Il sito “Italia a tavola” ha lanciato la campagna. Possono aderire albergatori e ristoratori stanchi di commenti inventati o pretestuosi. Che spesso rovinano la reputazione di una vita

Tripadvisor, il sito di ristoranti e viaggi, è ormai diventato parte integrante delle nostre abitudini e scelte. Nel leggere i commenti, però, se ne troveranno di ogni genere e sorta, perché di un ristorante non viene mai semplicemente indicato che piatti è meglio scegliere e di un albergo non verrà mai solo scritto quanto è distante dal centro. Il commentatore medio di Tripadvisor, infatti, consuma le dita sulla tastiera per scrivere “la cameriera ha i brufoli”, oppure “in zona non si trova parcheggio”, oppure ancora “non mi piacciono le lenzuola a fiori, le preferisco a tinta unita”. Ogni volta che qualcuno lascia un giudizio negativo, però, la posizione in classifica del ristorante o albergo scende, fino ad arrivare all’oblio.

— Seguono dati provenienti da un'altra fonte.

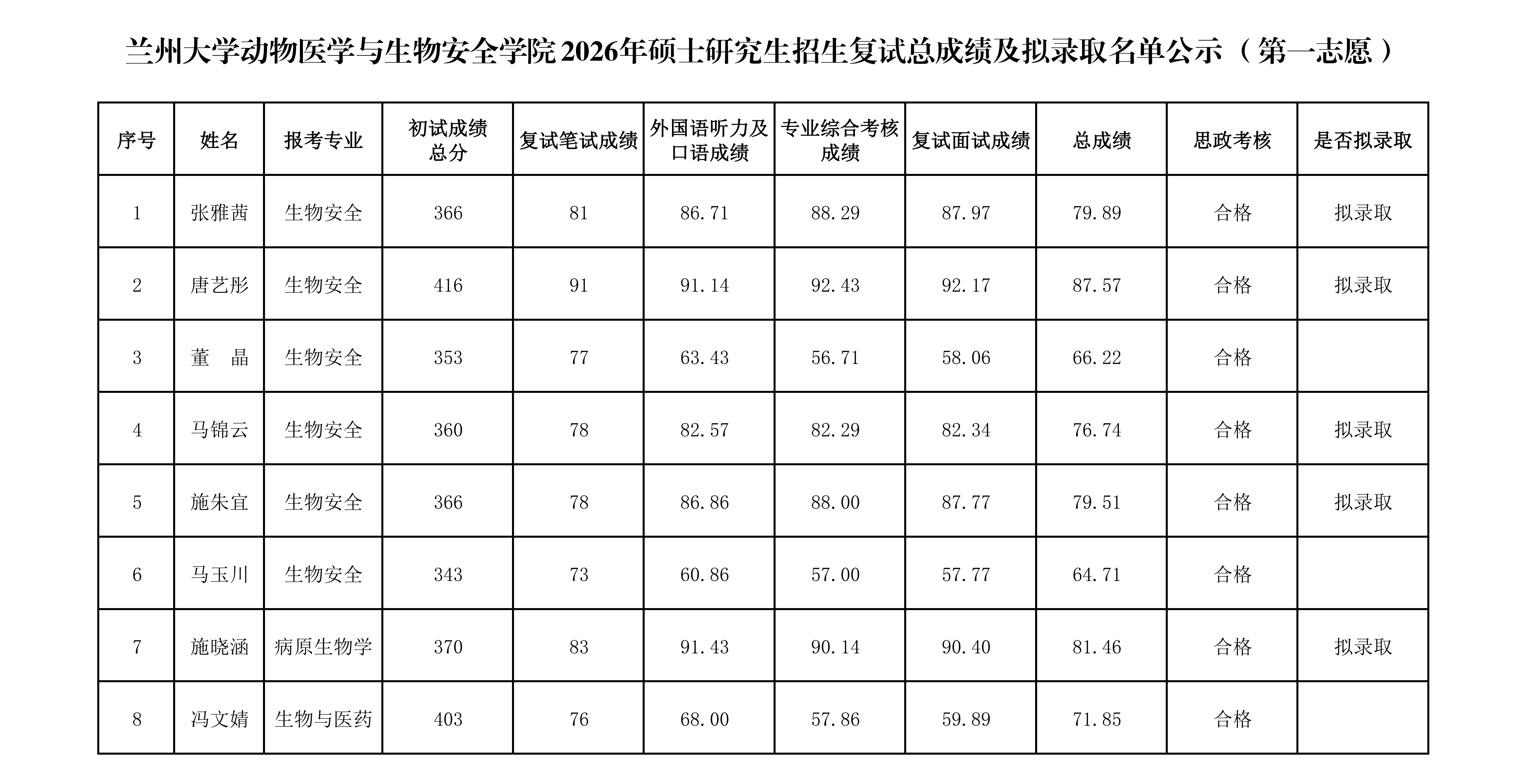 兰州大学动物医学与生物安全学院2026年硕士研究生复试录取实施细则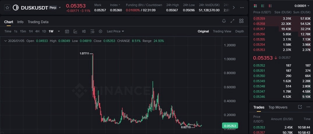 Se você olhar fixamente para o gráfico semanal de $DUSK por tempo suficiente, percebe algo interessante. Ele já não está gritando para chamar atenção. Sem picos selvagens. Sem colapsos dramáticos. Apenas o preço se movendo lateralmente, lentamente, quase de forma desconcertante.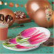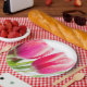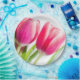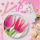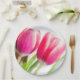 Paper plates with a beautiful spring photograph featuring 2 pink tulips and bright green leaves.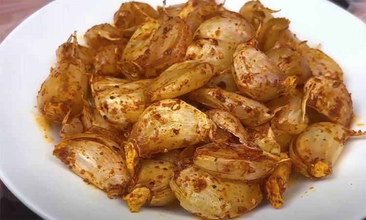 Чеснок часто используется в приготовлении еды как дополнительный ингредиент, который придает блюду особый аромат. Но мы рекомендуем приготовить его отдельно в качестве самостоятельной закуски. Просто обжариваем его в масле, словно картошку фри.

Più un posto è famoso, più avrà recensioni, e più sicuramente ve ne saranno di negative. Così può accadere che un ristorante stellato abbia una posizione in classifica più bassa rispetto a una gelateria appena aperta.

IL LOGO IN VETRINA. È la dura legge di Tripadvisor, dove il commentatore anonimo la fa da padrone, e il sito non esercita alcun tipo di controllo. Dopo aver raccolto per parecchio tempo le segnalazioni di ristoratori delusi, il sito di informazione gastronomica Italia a tavola ha deciso di intraprendere una campagna, chiamata senza mezzi termini “No Tripadvisor”. Per aderire all’iniziativa occorre compilare un form sul sito della rivista e scaricare il pdf con il logo di Tripadvisor barrato. Spiegano da “Italia a tavola” che i racconti dei tanti ristoratori offesi erano diventati davvero troppi: «Continuavano ad arrivarci in redazione email di gestori di locali turbati dal fatto che Tripadvisor non ponesse alcun tipo di controllo sulle recensioni degli utenti. Era palese che talvolta gli utenti si iscrivevano solo per il gusto di screditare, di sentirsi importanti per qualche minuto. Ferendo irrimediabilmente il buon nome di chi si impegnava da anni a portare avanti l’azienda».

COMMENTI INVENTATI. La campagna No Tripadvisor è nata un paio di settimane fa, e già centinaia di gestori hanno richiesto la vetrofania di “Italia a tavola” da apporre sulla propria vetrina. Spiccano i nomi celebri di Filippo La Mantina, Tano Simonato e Felice Lo Basso: «Quando la classifica di Tripadvisor posiziona un ristorante o un albergo in testa, viene inviato un adesivo intitolato “certificato di eccellenza”, da applicare vicino alla vetrina, un vanto da mostrare a tutti i clienti. I ristoratori che apporranno la nostra vetrofania, No Tripadvisor, dichiareranno quindi di essere contro le classifiche, molte volte conquistate a suon di recensioni comprate senza scrupoli». I casi di cronaca relativi ai finti giudizi positivi sono molti, non ultimi quelli segnalati da Striscia la notizia, che il mese scorso ha smascherato un’azienda che vendeva pacchetti mensili di recensioni positive.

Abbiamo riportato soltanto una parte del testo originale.